### Prompt
With the pictures left out, restate exactly the part below that opens with the line containing "Systolic blood pressure" and closes with the line containing "Envoyez par email".

### Source material
· · · ·

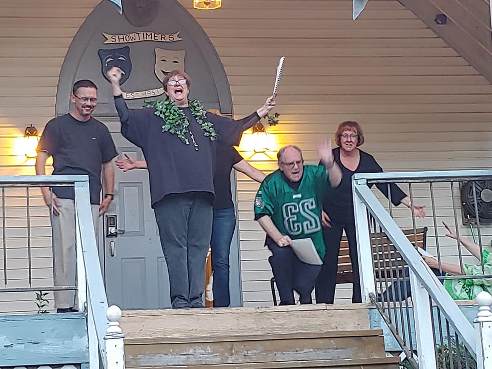 In January, Showtimers community theatre in Roanoke, Virginia contacted me and asked if I would write them a script for a special event they were planning in May. What they wanted was a “silly script for a cast of six” that they’d do as an outdoor reading. The catch is that the cast wouldn’t see the script until they stepped on stage. So I wrote the script — THE SHOW MUST GO ON (WITH SOME EXCEPTIONS. To test it out, I held a private Zoom reading with a cast from Canada. Let’s give a shout-out to that cast:
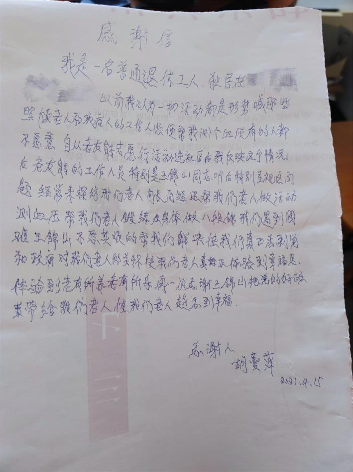 4月18日 牛首社區(qū)老友能志愿者在上門服務(wù)老人時,收到了一封意義非凡的感謝信:“以前我認為一切活動都是形式,喊那些工作人員順便幫我測個血壓,有的人都不愿意,自從老友能志愿行活動進社區(qū)后,我反映這個情況,老友能的工作人員特別重視這問題,經(jīng)常來探訪我們老人,不厭其煩地幫我們解決,使我們真心感到黨和政府對我們老人的關(guān)懷,使我們老人真正體驗到幸福感,體驗到了老有所養(yǎng),老有所樂,再一次感謝老友能把黨的好政策帶給我們老人,使我們老人越來越感到幸福。”
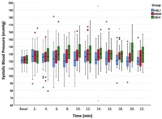 Systolic blood pressure trend. Group ZBHI—Group Zero Bolus High Infusion norepinephrine (NE) INCLUDION 0 μg bolus dose plus 0.1 μg kg−1 min−1 infusion dose. Group MBMI—Group Moderate Bolus Moderate Infusion NE including 5 μg bolus dose plus 0.075 μg kg−1 min−1 infusion dose. * represents high extreme SBP values in Group MBMI. Boxplot: line withing the box; median value, box top-bottom lines 25–75% top and bottom whiskers line; min-max value. Blue, red and green colored dots represent potential outliers.
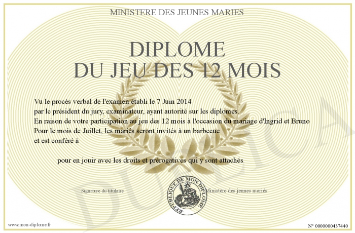 Envoyez par email votre Diplôme du jeu des 12 mois personalisé
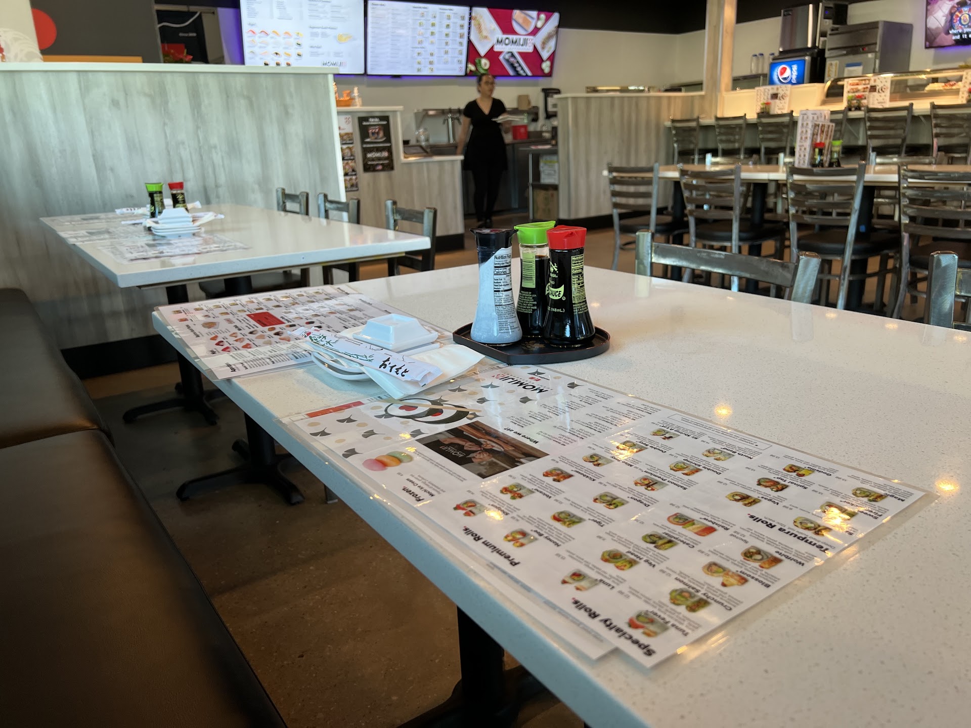 First I want to say I normally like Momiji. All in all this was an OK experience but there were a couple of fails on this experience for me. Maybe I'm just remembering poorly but it was more expensive than I was expecting. I planned to buy 1.5 rolls /person but my son and I were both still hungry and had to order a 4th. This made the meal a bit pricy (over $20/ea with tip) for what it is... Even though delicious.
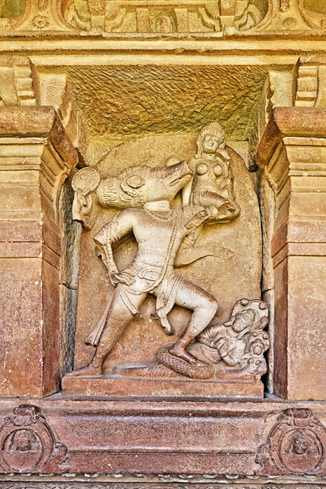Varaha est représenté ici avec un corps anthropomorphe, avec seulement une tête de sanglier. Son pied gauche est posé sur un serpent, sans doute Ananta qui a un buste humain et est acompagné d'un autre serpent à tête humaine. Varaha porte la Terre sur son coude gauche comme à Badami.(E. Parlier-Renault, 2006).
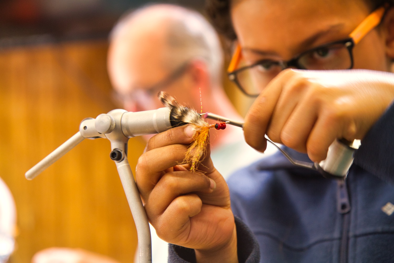 young Ali, who is a bright new fly fisher was crushing it and tying some beautiful flies for the surf. photo courtesy of Graham Day
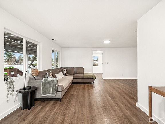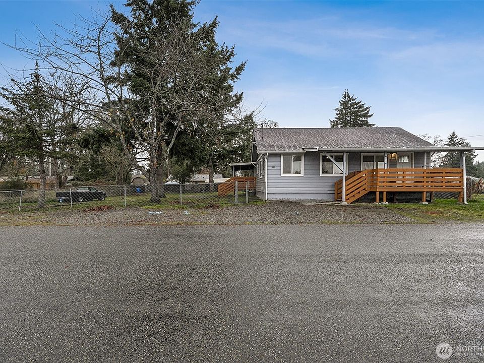 Remodeled & refreshed rambler on 12,500 sf double lot! This house sits on a generous, level 7,500 sf lot & right next door is a 5,000-sf lot that could be a great investment opportunity is ready for your imagination! Major updates in 2021 include new roof, new siding, new double-pane windows, new water heater, fresh exterior paint & updated millwork. The spacious living room flows into the dining area W/slider to back deck. Gourmet kitchen boasting quartz counters, white soft-close cabinets/drawers, & SS appliances! 3 bdrms & 1 full bath W/updated vanity. New interior paint prior to listing. Charming, covered porch, spacious deck, room for RV/boat parking & NO HOA. Close to JBLM, Shopping, & Entertainment. Call LA about VA Assumption terms.
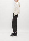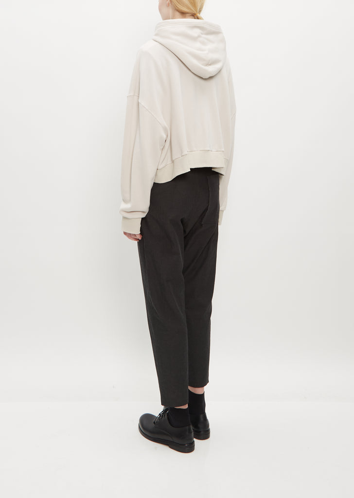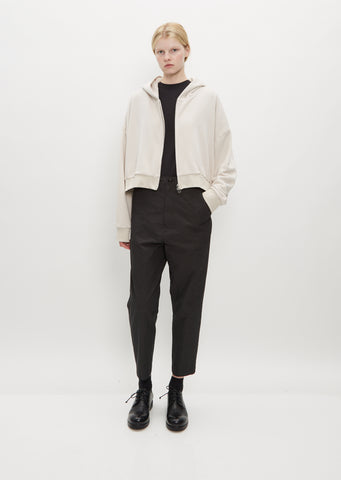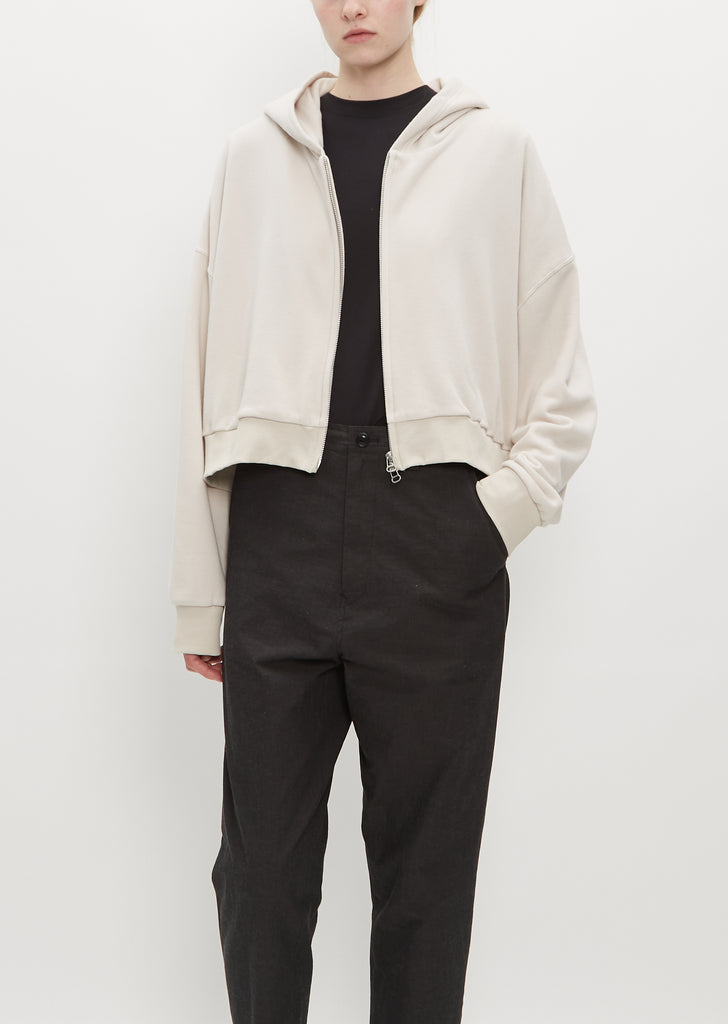 Y's by Yohji Yamamoto beige sweater with a cropped, boxy fit in French Terry cotton. Features a hood, rib trim finish along hem and cuffs, and finished with a silver toned two-way zip.
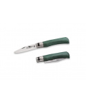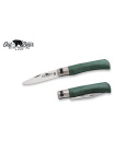 Juniorský kapesní nůž se zelenou variantou rukojeti z vícevrstvého laminátu, kulatou špičkou a nabroušeným ostřím.
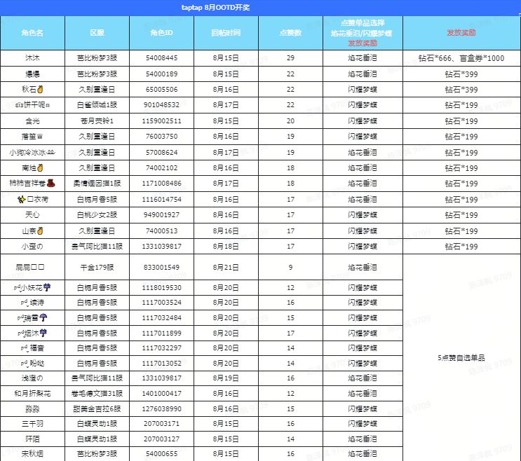 点赞超过5个玩家:8月限定专属单品*1 或 返场饰品*1(一定要备注要哪款哦)

· · · ·

### Response area
 Systolic blood pressure trend. Group ZBHI—Group Zero Bolus High Infusion norepinephrine (NE) INCLUDION 0 μg bolus dose plus 0.1 μg kg−1 min−1 infusion dose. Group MBMI—Group Moderate Bolus Moderate Infusion NE including 5 μg bolus dose plus 0.075 μg kg−1 min−1 infusion dose. * represents high extreme SBP values in Group MBMI. Boxplot: line withing the box; median value, box top-bottom lines 25–75% top and bottom whiskers line; min-max value. Blue, red and green colored dots represent potential outliers.
 Envoyez par email votre Diplôme du jeu des 12 mois personalisé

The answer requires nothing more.